**The problem**: From the first line of the listing, copy each line exactly until you have included the line with "在漫画线稿上色AI这个领域,Paints"; leave out the pictures.

**Supplied material**:
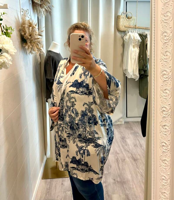 kimono chic & élégant avec sa matière satinée et ses imprimés marine/ écru.* composition : 80% viscose et 20% seta
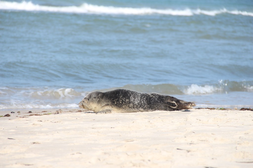 Wasing in was oddly peaceful, even with all of the people. Out of the water, we saw a baby seal, sunning himself on the beach (probably while his mother was off hunting for food). We spread out of blanket, far enough away to be safe but close to watch, and sat there in the sun for a very long time. I watched the Sandormen “sand worm” tractor-train-car come and go, come and go, delivering and removing more masses with each trip. It moved across the open sand, disappeared in the dunes between us and the parking lot, another world.
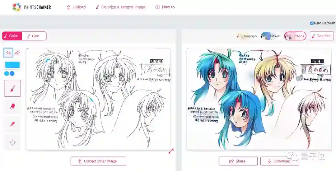 在漫画线稿上色AI这个领域,PaintsChainer的大名如雷贯耳,技术几乎可以算是标杆。你只需上传一张黑白线稿,点一个按钮,背后的AI自动为你生成一张彩色漫画。
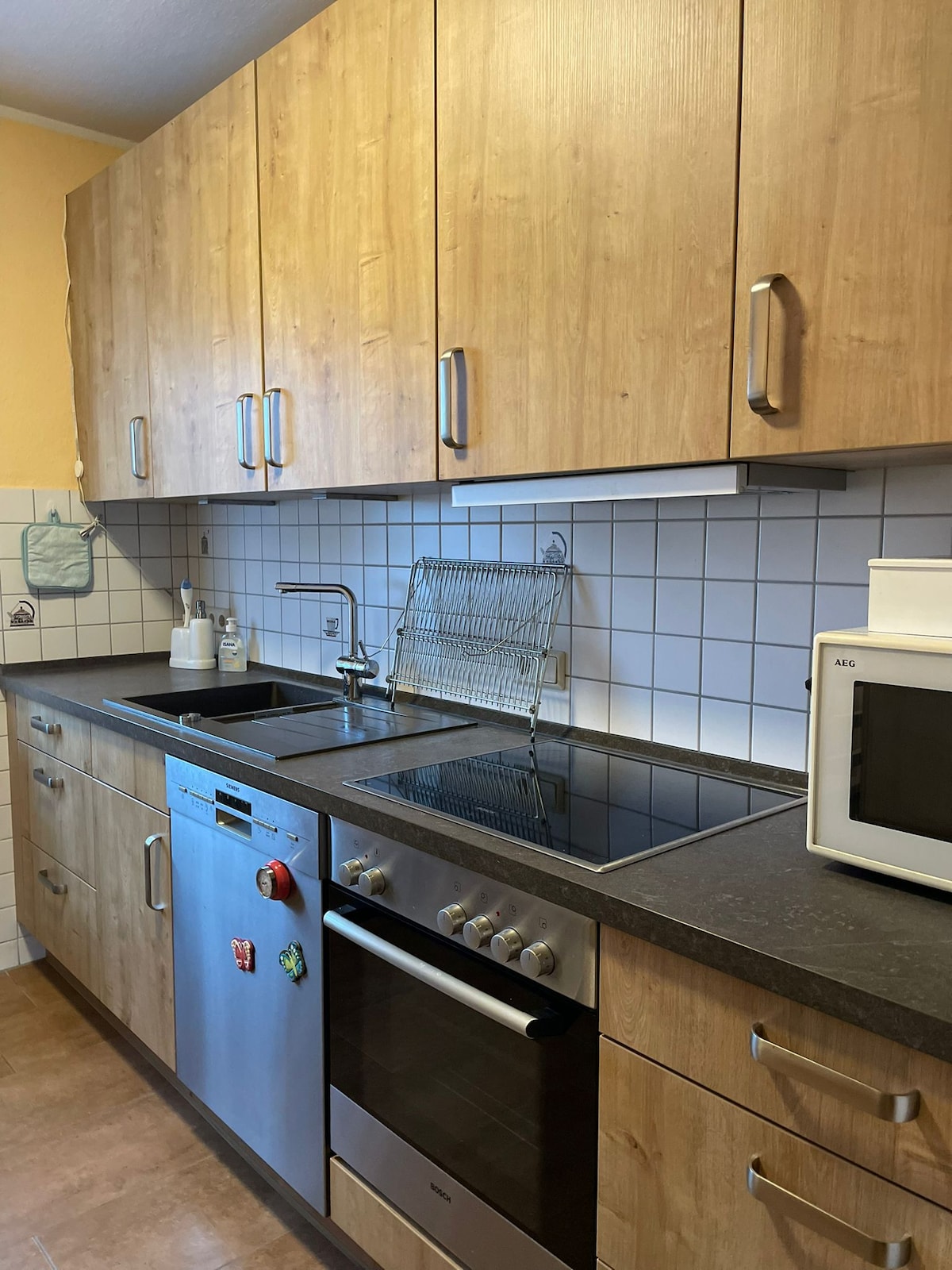 Llegar y sentirse bien. El aire fresco del mar del Norte, que está a pocos kilómetros de distancia, le dará la bienvenida con una brisa. El nuevo apartamento de vacaciones de 80 metros cuadrados se encuentra en la primera planta de nuestra casa y está completamente a su disposición. Es acogedor y está amueblado con buen gusto. En nuestro jardín, que puede utilizar, también hay una parrilla y un gran brasero a su disposición. Las bicicletas se pueden aparcar de forma segura.

**Expected answer**:
 kimono chic & élégant avec sa matière satinée et ses imprimés marine/ écru.* composition : 80% viscose et 20% seta
 Wasing in was oddly peaceful, even with all of the people. Out of the water, we saw a baby seal, sunning himself on the beach (probably while his mother was off hunting for food). We spread out of blanket, far enough away to be safe but close to watch, and sat there in the sun for a very long time. I watched the Sandormen “sand worm” tractor-train-car come and go, come and go, delivering and removing more masses with each trip. It moved across the open sand, disappeared in the dunes between us and the parking lot, another world.
 在漫画线稿上色AI这个领域,PaintsChainer的大名如雷贯耳,技术几乎可以算是标杆。你只需上传一张黑白线稿,点一个按钮,背后的AI自动为你生成一张彩色漫画。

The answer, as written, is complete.